Terrorist Training Camps in Rural England




Oh boy. First the British gave in and bent over for the islamists, then they bore the brunt of their own terrorist attacks and now, NOW the Brits find out that terrorists and gang members arrested were actually trained at terrorist camps...no, not in Pakistan, not in Afghanistan, but out in the hinterlands of rural ENGLAND!
Here's a bit from the MSNBC story:



Security officials believe hundreds of men — including a gang that made a failed attempt to bomb London's transit network — passed through camps set up across the English countryside.

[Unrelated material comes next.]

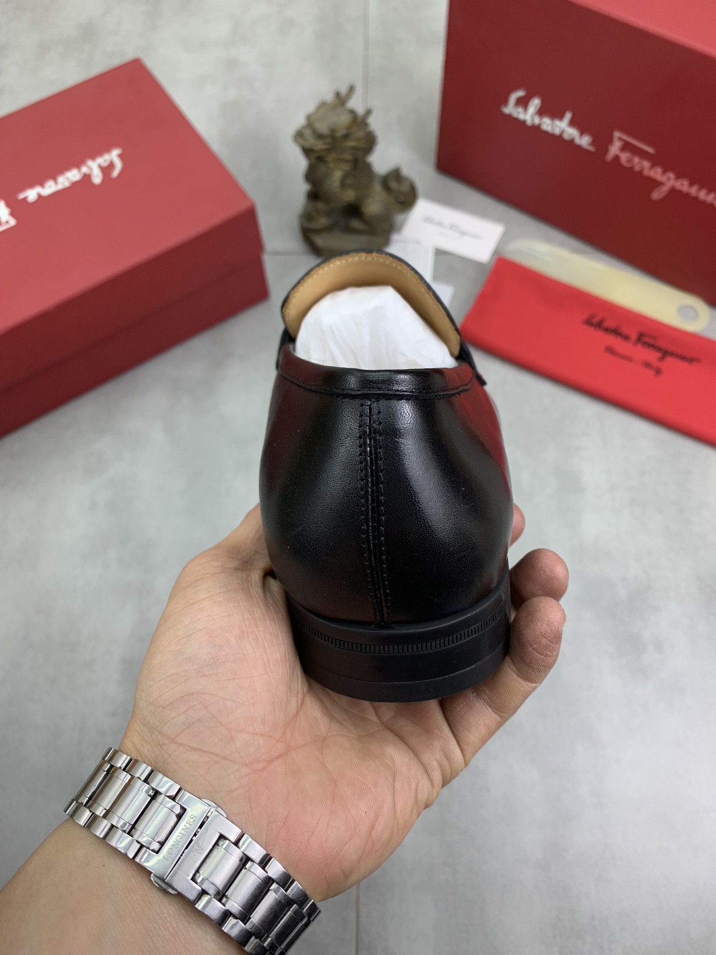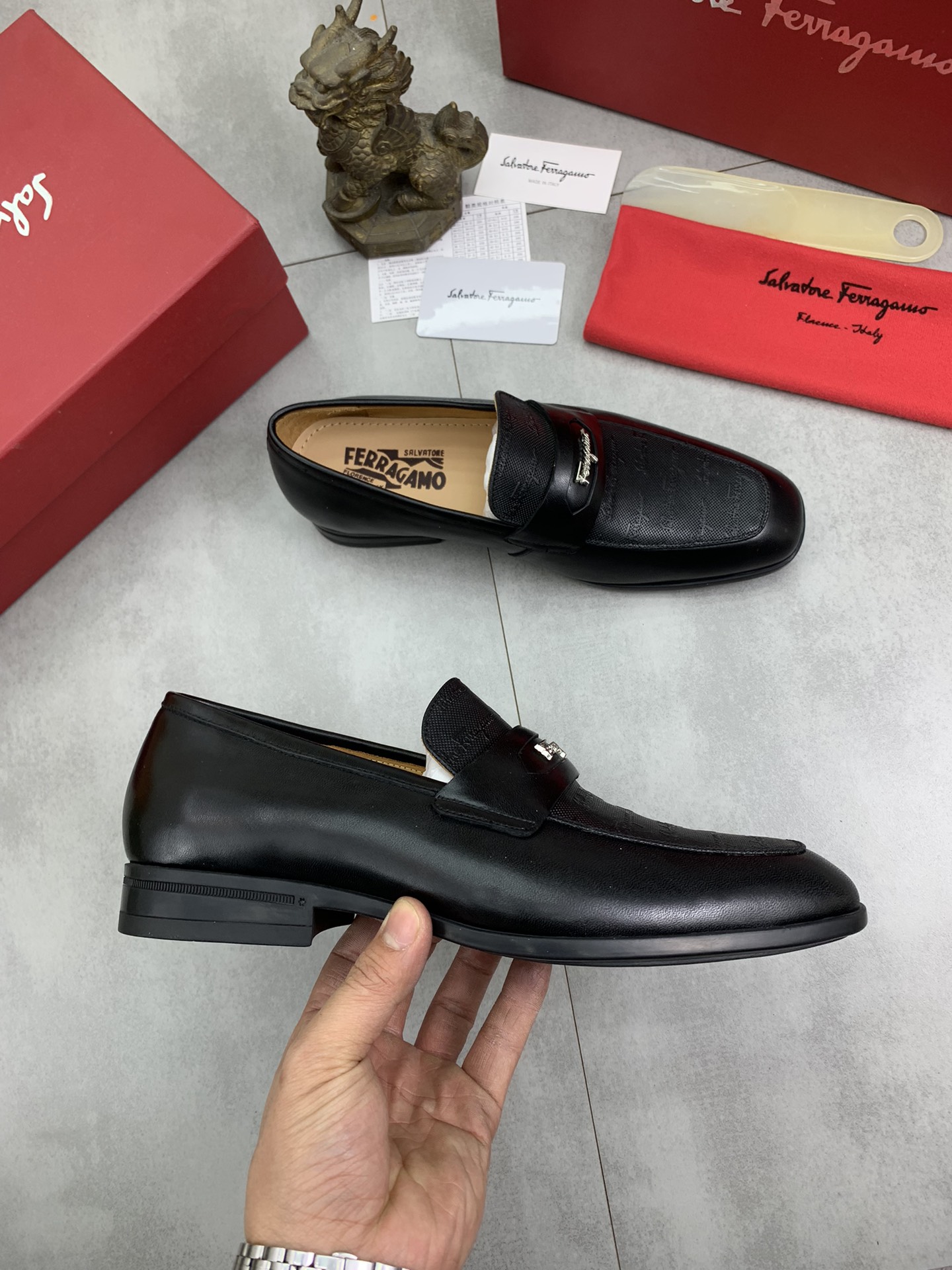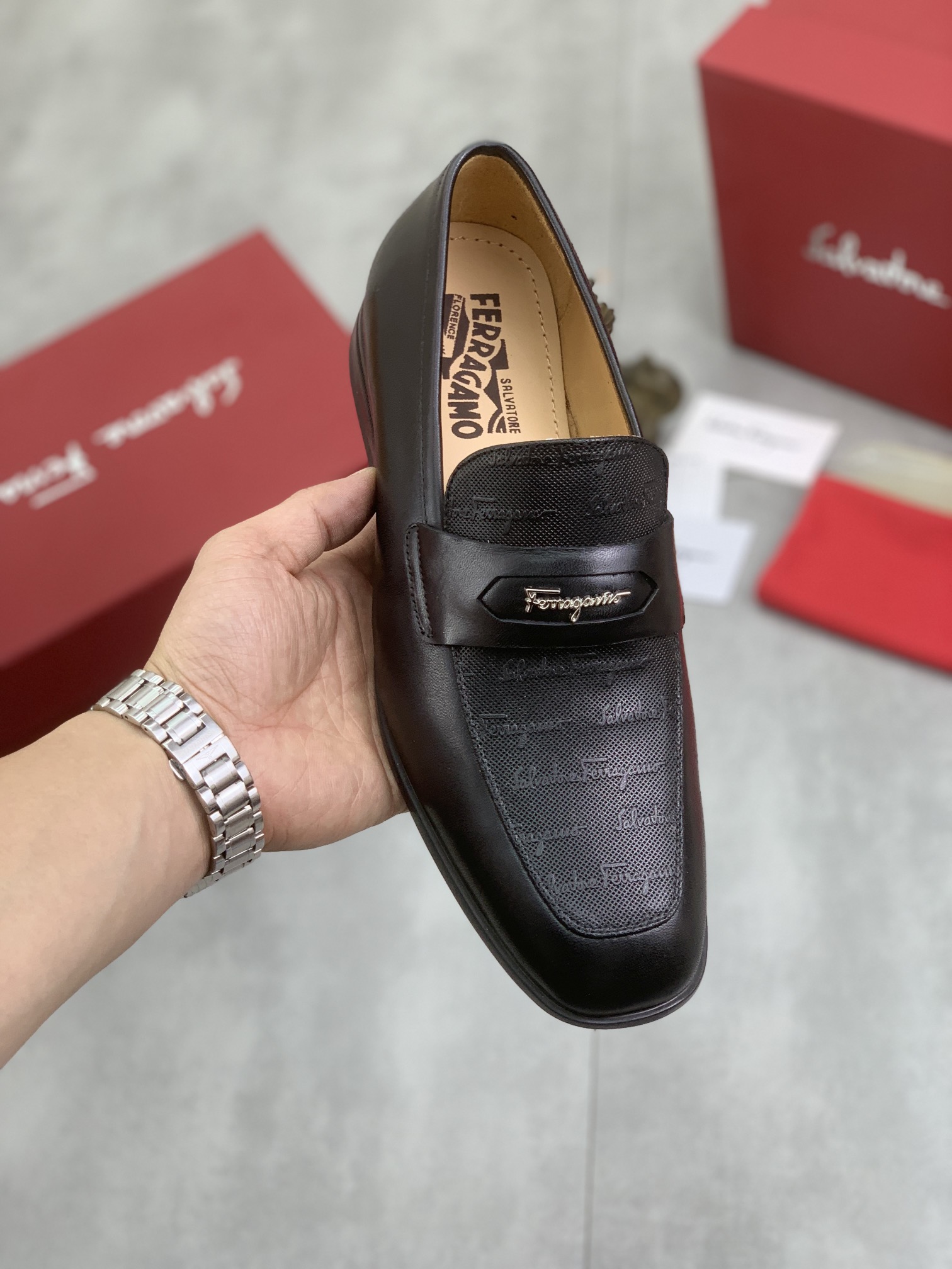 这款鞋子是AAAAA 1:1 质量 (非常棒). 使用了和原版一模一样的材料. 商标部分也保持了和菲拉格慕/Salvatore Ferragamo一样. 图片拍摄是实物鞋子拍摄, 您所收到的实物保证和我们图片一模一样.

British intelligence and police actually infiltrated the camps with moles and even shot video of the training camp activities...here's another excerpt:



Video secretly made at the camps showed recruits marching with backpacks — like those used by London's transit network attackers to carry their deadly suicide bombs in 2005 — and conducting weapons drills used by insurgents in Iraq and the Taliban in Afghanistan.
An undercover police officer, code-named "Dawood," infiltrated one group and captured cell phone video of the training. One clip showed trainees rehearsing a beheading with a watermelon

So the question for Americans is this: Do we poke fun at the dhimmi Brits or do we look at ourselves and say, "Is this going on in America?" I'd say chances are very good we have camps right here on U.S. soil and if you don't believe me, well...don't say I didn't tell you so.



Network of terrorist camps in rural England

LONDON - Clad in mud-smeared combat fatigues, the young Muslims trained on picturesque British farmland, hurling imaginary grenades, wielding sticks as mock rifles and chopping watermelons in simulated beheadings.
A four-year inquiry, which came to a close Tuesday with guilty pleas from the last two of seven gang members, has exposed a network of alleged British terrorism training camps meant to prepare recruits for mass murder.
Security officials believe hundreds of men — including a gang that made a failed attempt to bomb London's transit network — passed through camps set up across the English countryside.

Investigators say it was a worrying discovery at the heart of Britain's homegrown terrorism: training camps once thought to be exclusive to northern Pakistan or Afghanistan are being held in sleepy rural England.
"The exposure to that ideology — that radicalism, that extremism, that 'them-and-us' mind set — starts here on our streets in Britain," a former extremist, Ed Husain, told Britain's first police counterterrorism conference in Brighton.
Husain said British officials had been too tolerant of Islamic radicalism taught in universities and mosques during the 1980s and '90s.
The two training camp ringleaders — one who claimed to be the "No. 1 al-Qaida in Europe" and the other who nicknamed himself "Osama bin London — will be sentenced next month on charges of running the camps and inciting participants to murder. Five others were each sentenced Tuesday to at least 3 1/2 years in prison on charges of attending terrorism training.